Search code examples
scalaapache-sparkmatrix-factorizationrecommendation-engine

Spark ALS algorithm gives too many zero factors


We are using ALS in spark 2.2.1 to calculate the user embeddings and the item embeddings. Our experiment samples contain 12 billion instances, the clicked instances are marked as positive ones and negative otherwise.

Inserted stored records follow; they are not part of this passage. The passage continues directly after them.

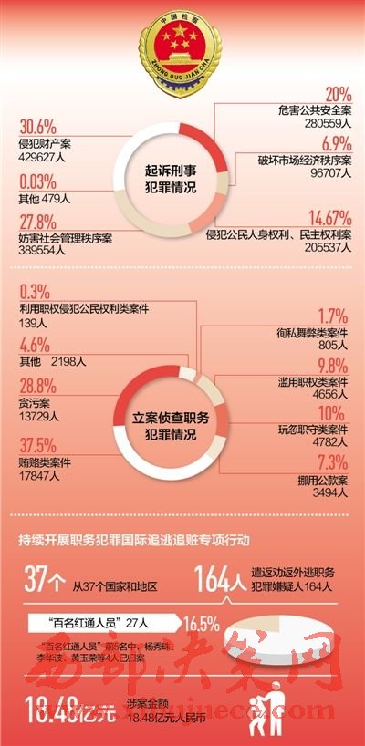 去年一年,檢察機(jī)關(guān)共立案?jìng)刹槁殑?wù)犯罪47650人,其中包括21名原省部級(jí)干部,對(duì)令計(jì)劃、蘇榮等48名原省部級(jí)以上干部提起公訴。檢察機(jī)關(guān)繼續(xù)開展集中整治和加強(qiáng)預(yù)防扶貧領(lǐng)域職務(wù)犯罪專項(xiàng)工作,查辦相關(guān)職務(wù)犯罪1892人,同比增長(zhǎng)102.8%。此外,還在征地拆遷、社會(huì)保障等民生領(lǐng)域查辦“蠅貪”“蟻貪”17410人。
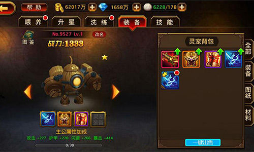 现实中,爱护宠物的主人都喜欢给自己的宠物购置专属衣物来打扮它们。而现在,在游戏中的玩家们也可以体验到这一乐趣了,快给一直陪伴自己灵宠套上新增的装备吧,还能直接提升灵宠战力。直接进入灵宠界面,在技能页签之前将会新增一个“装备”页签。选中它,右侧将会展现灵宠背包,装备按战力高低、品质高低、IP依次排列。灵宠激活后均可穿戴装备,同ID装备只能穿戴一件,装备槽数量由灵宠种类而定。装备槽有对应的解锁星级,需要灵宠达到该星级才能解锁。在槽位不足的情况下,装备除了卸下,还可以出售、分解、合成。每件装备都有至少一条原始属性,该属性随着星级的提升而提升。除了原始属性,还有穿戴在特定的灵宠身上才有效果的隐藏属性。想深入探究这些装备的神奇效果吗?那就快到游戏里给自己的灵宠穿戴吧!
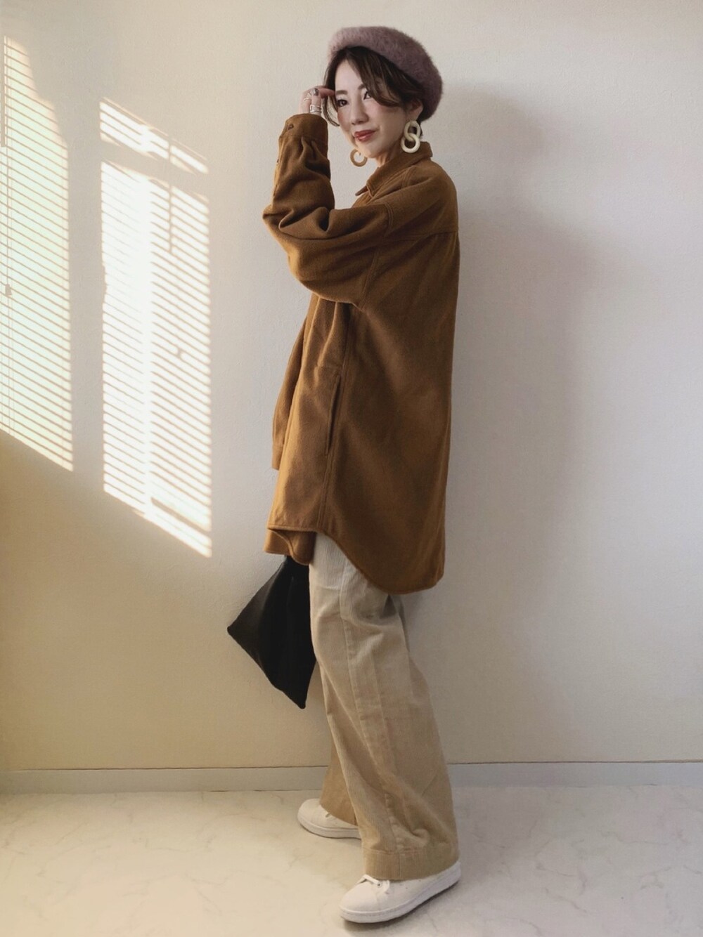 MISATO のハンチング/ベレー帽「アンゴラファーベレー レディース 帽子」を使ったコーディネート

When evaluating the AUC with the product of the user embeddings and the item embeddings, we find that the AUC metrics are not stable on the same train data and the same parameters. After checking the embeddings, we find that ALS may give zero factors even though the user has clicked some items which is abnormal.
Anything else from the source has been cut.